• Supplied material:
Content starts

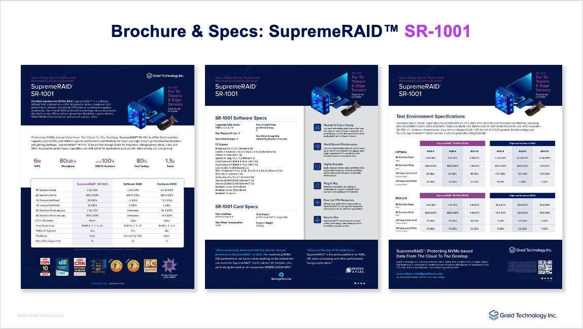 SupremeRAID™ Pro (formerly SR-1000) is a powerful, GPU-accelerated NVMe RAID solution designed for mid-scale enterprise data centers, offering exceptional RAID performance, scalability, and data resilience. Leveraging NVIDIA RTX A1000 GPUs, SupremeRAID™ Pro enables modern IT teams to maximize NVMe SSD speed, simplify management, and protect vital data.
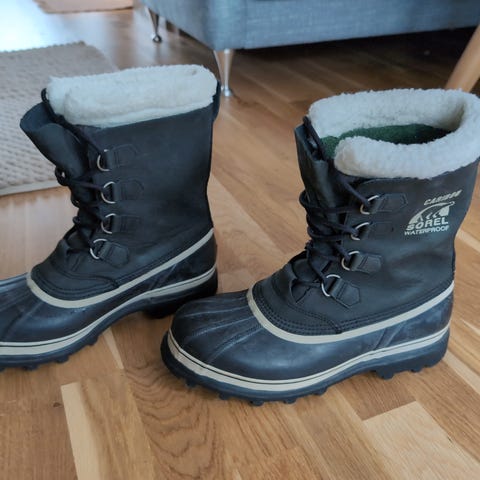 Extremt robust, varm och vattentät känga. Stl 45. Kraftig sula med bra grepp i snö. Beställt fel storlek, helt oanvänd (inköpt ifjol). Enligt reklam skall tåla -40 grader C. "Stor" storlek ger utrymme för extra sockar. (nypris upp till ca. 2400 kr).
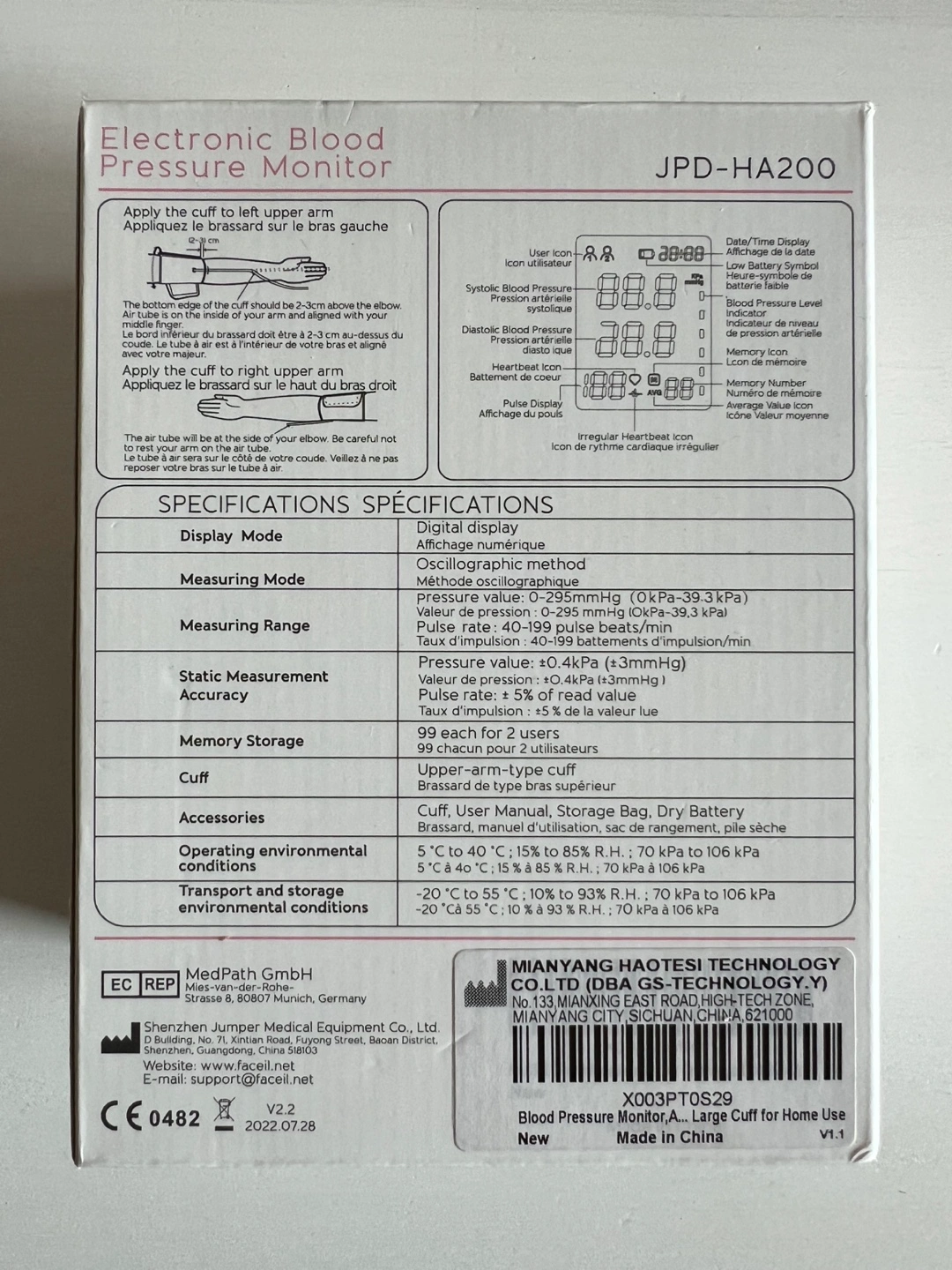 Selling a JPD-HA200 electronic blood pressure monitor.
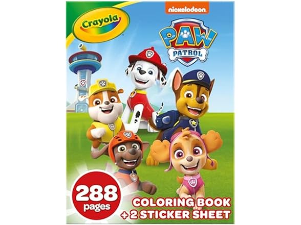 Kids can color their favorite puppy first responders with the crayola paw patrol coloring book, featuring their characters from nickelodeon’s paw patrol this giant coloring book features a whopping 288 pages of art depicting scenes of marshall, rubble, chase and the whole team. Crayola coloring books offer kids pages and pages of line art featuring their favorite characters from the big and small screen to color as they please this book also includes two sheets of stickers to make coloring even more fun makes a great gift, especially when paired with a set of crayola crayons or colored pencils (each sold separately). Ideal for boys, girls or any fans of paw patrol ages 3 and up.

Content ends

• Your objective: Once the line with "Selling a JPD-HA200" is found, output it and every line after it through the end of the listing, exactly, without pictures.

• Solution:
 Selling a JPD-HA200 electronic blood pressure monitor.
 Kids can color their favorite puppy first responders with the crayola paw patrol coloring book, featuring their characters from nickelodeon’s paw patrol this giant coloring book features a whopping 288 pages of art depicting scenes of marshall, rubble, chase and the whole team. Crayola coloring books offer kids pages and pages of line art featuring their favorite characters from the big and small screen to color as they please this book also includes two sheets of stickers to make coloring even more fun makes a great gift, especially when paired with a set of crayola crayons or colored pencils (each sold separately). Ideal for boys, girls or any fans of paw patrol ages 3 and up.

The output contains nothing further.